In the process of translating its mission and values into practical measures, HFH has developed a range of innovative practices that deliver much more than housing alone. The organisation’s participatory model enables both direct beneficiaries and the wider community to tackle the insecurities they face, unlocking latent skills and enterprise, building sustainable livelihood capabilities. HFH plays an important role as a catalyst for change, delivering through the vehicle of housing the means to address the primary causes of poverty itself. Its contribution to wider development priorities deserves better recognition. In calibrating the success of HFH projects in terms of units completed or renovated alone, the significance of the process by which HFH realises these outcomes is often not sufficiently acknowledged, both within the organisation and externally. As the case studies developed in the report illustrate, the methodologies Habitat for Humanity employs to address the issue of poverty housing within the developing world, place the organisation at the centre of a global strategic agenda to address the root causes of poverty through community empowerment and the transformation of structures of governance.
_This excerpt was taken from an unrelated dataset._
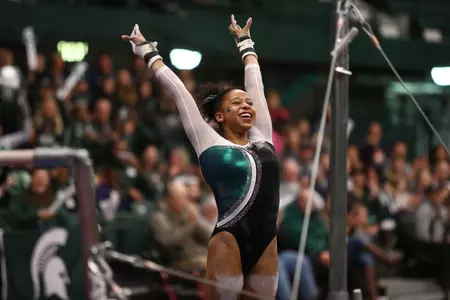 Junior Hailee Westney looks to get back on track on the bars this weekend where she has taken home the event title in three meets already this season, with a high score of 9.900. The Spartans have won the bars title at every meet so far in 2017, as junior Lindsey Lemke posted a season-high score of 9.825 last weekend to take the title at Rutgers.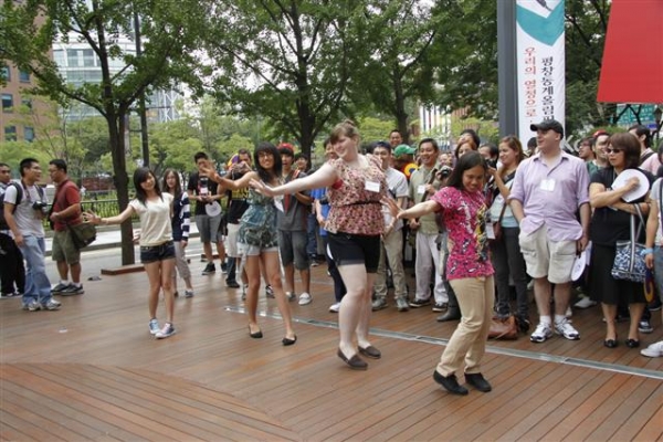 22일 소녀시대와 지상파 공연을 보기 위해 한국관광공사를 방문한 미국 한류팬들이 K-POP에 맞추어 춤을 추고 있다.

Given this, the global network of HFH affiliates constitutes a unique organisational framework to faciliate sharing resources, ideas and practical experience across a diverse range of cultural, political and institutional environments. This said, it is apparent that work needs to be done to better to faciliate the pooling of experience and lessons learnt from across its affiliates. Much is to be gained from learning from less successful projects, sharing innovative practices, identifying strategic partnerships with donors, other NGOs and CBOs, and engaging with the international development community on how housing fits within a broader agenda to alleviate poverty and promote good governance.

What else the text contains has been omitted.